Salvage yard that caught fire had no salvage license and had been ordered to close two years ago


By Ed Runyan

runyan@vindy.com

VERNON

By late last week, the U.S. Environmental Protection Agency had placed 2 feet of clay over the parts of Countrywide Salvage that had caught fire, and there was no longer any indication of fire or smoke coming from the site.

Tricia Edwards, EPA on-scene coordinator, said air-quality monitoring showed that nothing harming air quality was leaving the site. Further air-quality testing results will be available next week, she said.

Firefighters and environmental officials were called to the salvage yard, 6542 Orangeville-Kinsman Road, on June 1 for burning tires and found other things in the salvage yard also on fire. The yard is just north of state Route 88 near the Pennsylvania border.

The facility was a dump site dating back to the 1970s and 1980s, officials said.

Edwards said it doesn’t appear any water-impacts occurred involving a stream near the salvage yard.

Frank Migliozzi, director of environmental health for the Trumbull County Board of Health, said the health department and EPA suspected the yard of committing illegal landfilling operations about two years ago while the owners were gutting manufactured homes there and landfilling some of materials.
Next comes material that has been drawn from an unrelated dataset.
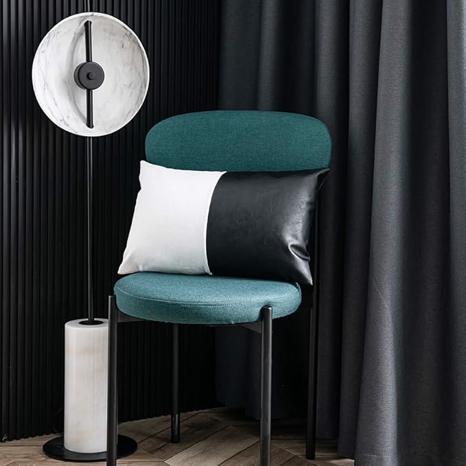 DEZENE Faux Leather Cotton Throw Pillow Covers for Couch Bed Sofa, Set of 2 12 x 20 inch Modern Square Decorative Bedroom Living Room Cushion Cases, Black and White

That’s when the board of health ordered the salvage yard, which had an auto-salvage license, to stop accepting any additional material and to clean up improper materials, Migliozzi said.
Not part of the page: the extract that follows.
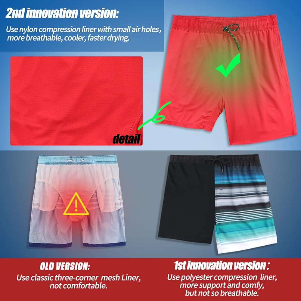 بناءً على بطانة الملاكم المضغوطة بفتحة الهواء، لن تتعرض للتهيج، ورائعة، ومريحة، ومسامية، وسريعة الجفاف. بدلة السباحة هذه تشبه تمامًا ارتداء الملابس الداخلية. لا تتكتل ولا داعي للقلق بشأن الاحتكاك مثل البطانة الشبكية الكلاسيكية. إنها تحمل "الأشياء" في مكانها بشكل أكثر راحة وتبقيها مخفية بشكل أفضل من الشبكة. لذلك لا تشعر بالحرج عند الخروج من الماء. رائع جدًا للرجال!

For a while, the owners followed the health department’s orders, but the cleanup stalled, so early this year, the health department asked the owners for a cleanup plan.

At that point, the facility no longer had a license from the Trumbull County Sheriff’s Office to operate as a salvage yard, and the yard was ordered to comply with the health department before it would be allowed to reopen.

Within the past couple of months, for the first time in a couple of years, inspectors found new material at the site — a large pile of brush and drums of unknown material, Migliozzi said.

The health department is planning to cite the facility for the brush and drums, Migiozzi added.